El comentarista, Pepe Calderón Tovar, cuyo nombre de pila podría ser una
referencia al PEPE, grupo narcoterrorista que contribuyó para la captura y muerte
de Pablo Escobar, es un fanático del fútbol y, como ya he dicho, ha invertido todo su
dinero en una apuesta. Cuando es testigo del autogol de Andrés Escobar, se queda
sin voz y, por ello, pierde su trabajo. A partir de ese momento su mente estará
dominada por la idea obsesiva de matar a Andrés Escobar: “El País no podía seguir
como si no hubiera pasado nada. Alguien tenía que morir para que jamás
olvidáramos nuestro fracaso en el Mundial. No bastaba con decir nos faltó casta.
Tenía que morir la persona más visible de todas, el tipo que hizo el autogol”.

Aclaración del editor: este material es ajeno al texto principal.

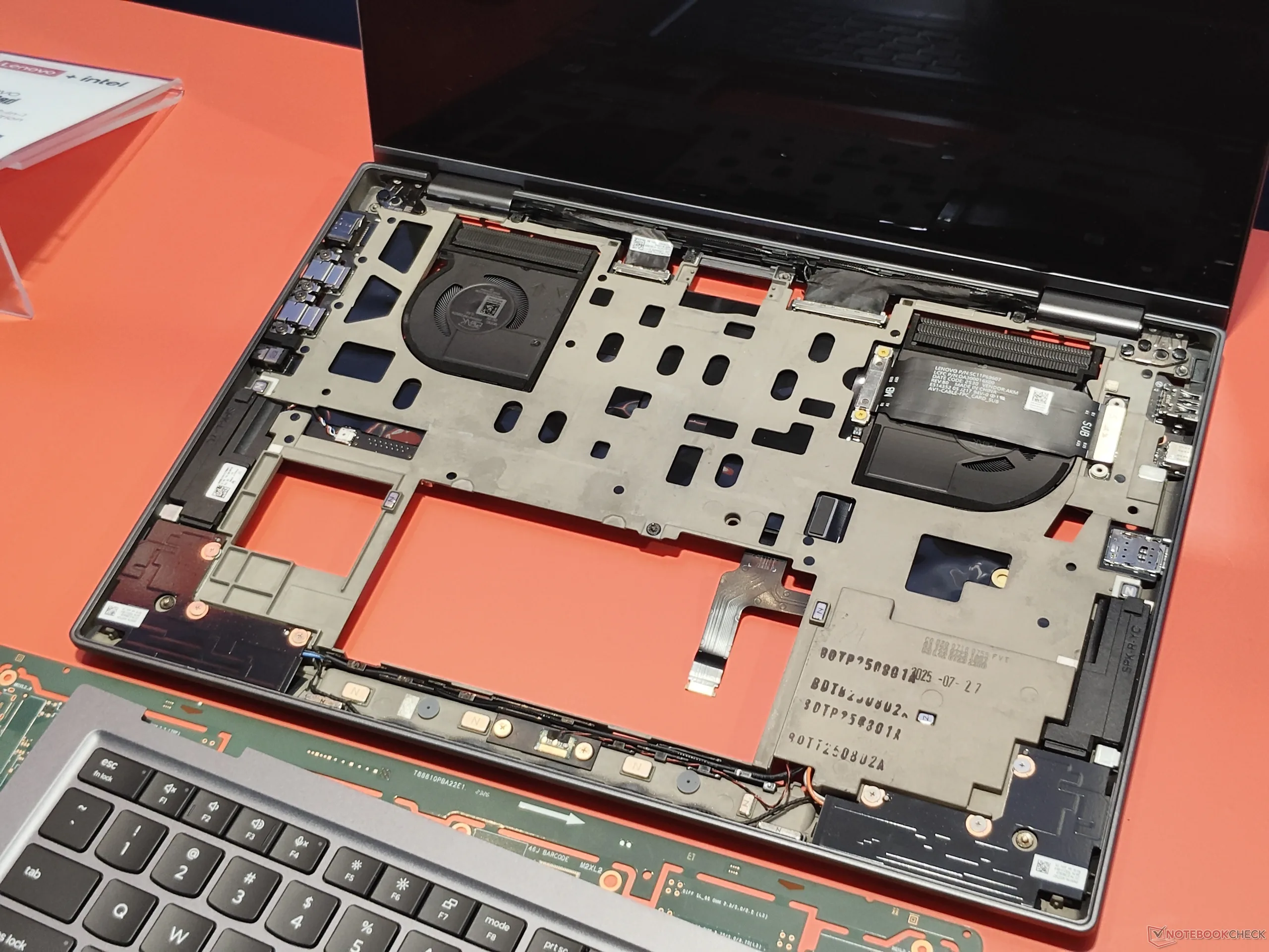 Еще одно преимущество - более эффективное использование доступного пространства, отсюда и "пространственная рамка". Разместив некоторые компоненты на другой стороне новой средней рамки, например, разъемы дисплея и антенны Wi-Fi, Lenovo удалось освободить ценное пространство, которое было использовано для увеличения размера системы охлаждения - она позволяет охлаждать до 30 Вт при полной нагрузке вместо всего 22,5 Вт у предыдущей модели X1 Carbon Gen 13(доступна на Amazon). Это особенно удобно с новыми процессорами Panther Lake, поскольку Intel Core Ultra X7 требуется больше энергии, чтобы работать значительно лучше, чем предыдущие процессоры Lunar Lake. Кроме того, благодаря новой материнской плате меньшего размера Lenovo удалось сделать порты USB C модульными и вынести некоторые другие порты на отдельную дочернюю плату.
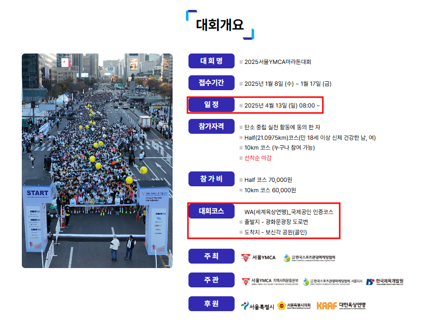 2025 서울 YMCA 마라톤대회 참가신청 일정 총정리 - 광화문 광장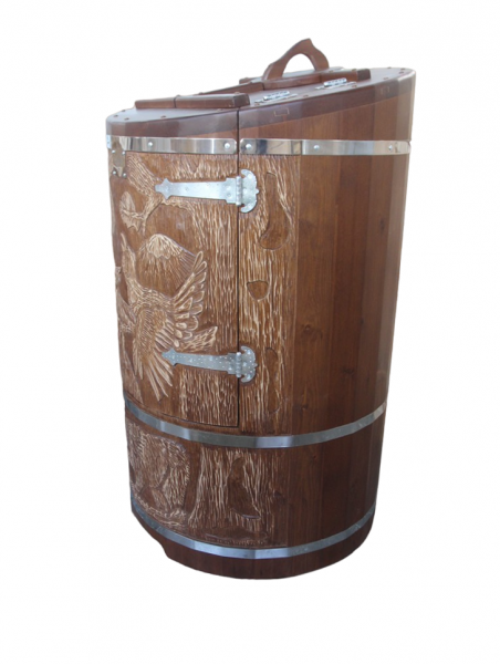 Это горизонтальная фитобочка с эксклюзивным оформлением, покрытием в цвет или резьбой. Индивидуальная модель придаст вашему изделию оригинальный внешний вид. Парение в фитобочке благотворно влияет на организм в целом: повышается иммунитет, выводятся шлаки и токсины, улучшается работа органов тела и состояние кожи. Подходит для коммерции.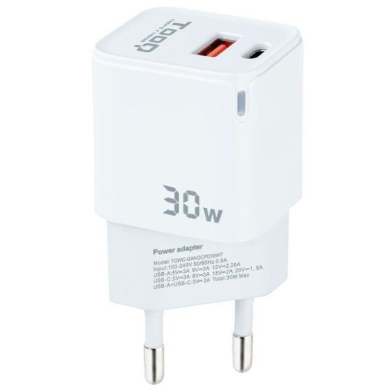 Cargador de Pared GaN USB-C/PD + USB-A/QC 30W, Blanco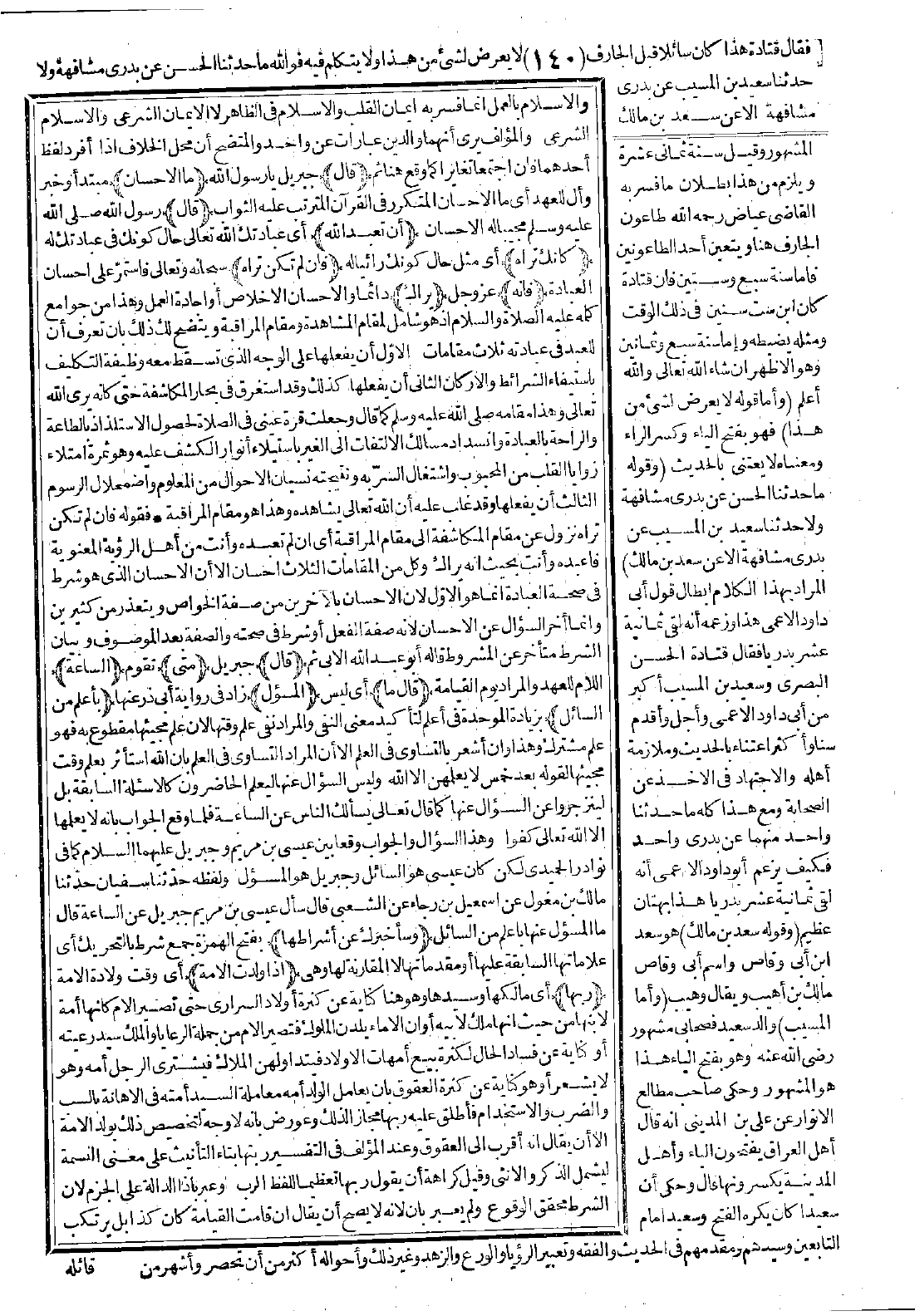 والإسلام بالعمل إنما فسر به إيمان القلب والإسلام في الظاهر لا الإيمان الشرعي والإسلام الشرعى، والمؤلف يرى أنهما والدين عبارات عن واحد، والمتضح أن محل الخلاف إذا أفرد لفظ أحدهما فإن اجتمعا تغايرا كما وقع هنا.

Pepe Calderón Tovar conoce todos los entresijos del fútbol colombiano, se
sabe de memoria datos que nadie recuerda, ha recorrido, durante décadas, todos los
niveles del futbol en Colombia, desde las categorías inferiores y las ligas locales
hasta los mundiales de fútbol. Sabe perfectamente que no sólo los equipos de fútbol
reciben dinero del narco, sino también los medios de comunicación. Desde dentro,
describe las presiones que los jugadores y el entrenador sufren en la concentación,
los ve irse apagando oprimidos bajo una negra sombra que no les deja respirar, y,
finalmente, días después de finalizada la participación de selección colombiana en el
Mundial, decide llevar a cabo su plan, lo que no imagina es que alguien se le va a
adelantar.
En varias ocasiones, la identificación entre la selección nacional colombiana y
el país resulta clara, como ocurre en la siguiente frase: “El director técnico, sereno
como ante la muerte de un ser querido, reconoció que la selección fue reflejo del
país”, que nos faltó entereza, que era necesario reedificarlo todo”.
Los jugadores son desmitificados en ciertos momentos, y se describen como
las víctimas de un sistema triturador que los usa mientras son necesarios y después
los deshecha como material defectuoso. Frente al éxito excesivo que encumbra
algunos, el país está lleno de jugadores de segunda línea que se han esforzado tanto
o más que los otros, pero que son condenados al ostracismo y la pobreza:
Golauto era un galpón lleno de puertas que ningún empleado
abría. Lo que más me quedó en la memoria, aparte de esa imagen, fue
la sensación de que todos, desde el dueño hasta los vendedores,
hablaban con las mismas frases que usaban cuando eran futbolistas.
Por la oficina de “El Patetarro” pasaban el goleador que casi no
supera un cancer, el arquero suplente al que le apuñalaron un nervio
del tobillo, el líbero al que tuvieron que amputarle la pierna, como un
desfile de personajes de circo: la marcha de los jugadores
contrahechos. Y decían alguna cosa de las de siempre en medio de
sus conversaciones sobre carros: “el negocio es así”, “no hay cliente
pequeño”, “no se nos dieron las cosas”.
A fin de cuentas, Pepe Tovar reconoce la fragilidad de los jugadores de fútbol,
simbolizada en: “la cumbre de esa carrera corta como la vida de un insecto que es la
carrera de un futbolista”.
No, la selección colombiana del mundial de 1994 no jugó como si tuviera
permiso para perder. Las entretelas del gran espectaculo, del gran negocio, se
ciñeron a sus cuellos hasta casi asfixiarlos, apagando la artística genialidad que
brotaba de sus botas. La imaginación fue sustituida por una voluntad temerosa y
condicionada, la magia extrangulada.